Home  |   About  |   Energy  |   Politics  |   Software  |   Music

18 April 2012

An obvious path for Science

I got an e-mail today with a link to a fresh publication in the Science journal. It is entitled "Shining Light into Black Boxes" and while it is mostly stating the obvious, it is quite a breakthrough in this sort of journal. Without further ado here's the abstract:
The publication and open exchange of knowledge and material form the backbone of scientific progress and reproducibility and are obligatory for publicly funded research. Despite increasing reliance on computing in every domain of scientific endeavor, the computer source code critical to understanding and evaluating computer programs is commonly withheld, effectively rendering these programs “black boxes” in the research work flow. Exempting from basic publication and disclosure standards such a ubiquitous category of research tool carries substantial negative consequences. Eliminating this disparity will require concerted policy action by funding agencies and journal publishers, as well as changes in the way research institutions receiving public funds manage their intellectual property (IP).
Amen.

Also of note is the list of authors, representing some of the crème de la crème of the United States academia:
  • J. Urban and P. Sliz - School of Law, University of California, Berkeley.
  • P. D. Adams - Lawrence Berkeley National Laboratory, Berkeley.
  • I. Foster - Argonne National Laboratory and University of Chicago, Argonne.
  • A. Sail - University of California, San Francisco.
  • D. Baker - University of Washington and Howard Hughes Medical Institute, Seattle.

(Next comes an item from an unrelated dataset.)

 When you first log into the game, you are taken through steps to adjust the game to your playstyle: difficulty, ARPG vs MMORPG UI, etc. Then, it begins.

The opaqueness of software is an obvious counter to the scientific method. If I said I invented a pocket size fusion reactor that produces some energy, but that you can't look inside it, would you believe me? Actually, that is precisely what is happening every time supposedly scientifically results based on close source software are published. Certainly Science is synonym with Open Source, but in what measure?

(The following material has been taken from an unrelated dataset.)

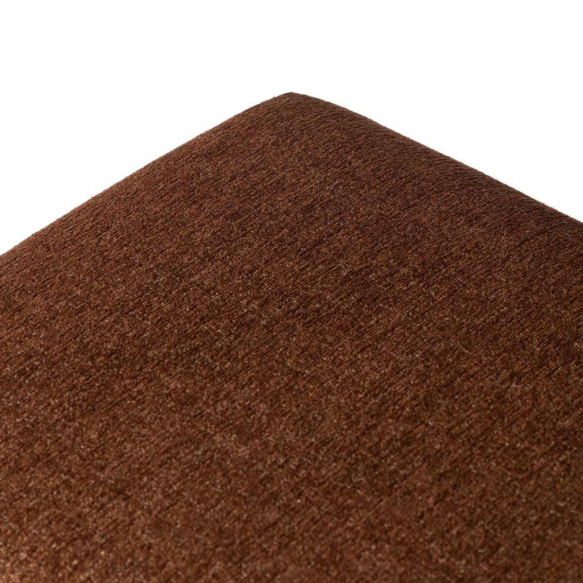 Channel Art Deco with a curved stretcher base of bronzed hammered iron and a velvety seat in a versatile earth tone. Style just about anywhere to create an extra surface or seat. Free of PFAS, soft and easy to clean, Crypton® performance fabric is specially engineered for protection against stains, moisture and odor.

The software used by scientists can be divided in three main layers: (1) the Operating System, (2) Supporting Libraries, and (3) Ad-hoc code. The Operating System provides the basic interface with the hardware, facilitating all communication with the several computer components and providing basic logic and calculation functionality. Supporting Libraries provide further functionalities, that while going closer to the researcher's needs are still wide scoped enough for application in different problems or experiments; an example is a statistics programme that helps with the calculation of things like the standard deviation of a time series. Ad-hoc code is the software developed specifically to address a certain experiment or scientific problem.

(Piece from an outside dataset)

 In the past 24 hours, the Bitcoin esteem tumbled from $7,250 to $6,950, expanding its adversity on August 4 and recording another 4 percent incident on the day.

In the future the Scientific method shall oblige a strict attitude towards each of these software layers. Regarding Operating Systems, open source doesn't have to be a requirement (hush Winblows folk), the sort of calculation/logic functionality these provide is so basic that it can be easily verified. As for Supporting Libraries, they can eventually remain closed source, but to be used in Science must be somehow certified, either against a batch of standard tests or against open source alternative. In any case I expect most of this software to naturally evolve towards open source, such has been happening with the statistical software R, or the database manager Postgres. Finally, the crux of the matter, the had-oc code, there simply isn't another way than for all of it to be open. And here lies the main conflict with the proprietary attitude some researchers and institutions have towards Science. They must realise that if they wish to retain their code closed then what they are developing are commercial products, not scientific results.

Perhaps the most famous controversy about source code in Science is the temperature reconstruction published by three American researchers in 1998, that got the folkish name of "Hockey Stick". Presenting a result that was markedly different from previous scientific knowledge, it was nonetheless vastly promoted by certain institutions and media outlets. This public exposure yearned a sort of scrutiny way beyond the usual peer review, with several arguments, counter-arguments and re-reconstructions published since. Remarkably, 14 years later no one has ever been able to exactly reproduce the initial results from the same original data. Had the original source code been published together with the results and everyone had been spared the on-going intellectual soap opera.

The time will come when every piece of scientific experimentation must be accompanied by its source code in order to pass the peer review process. My expectation is for this to take about a decade to fully materialise, fostered by the ever growing involvement of academia with the open source community.

Finally, I'd note the also obvious contradiction of an article like this being published in a journal that is not freely available to the public. But as Jesus once said: "A Physician doesn't visit the home of healthy folk".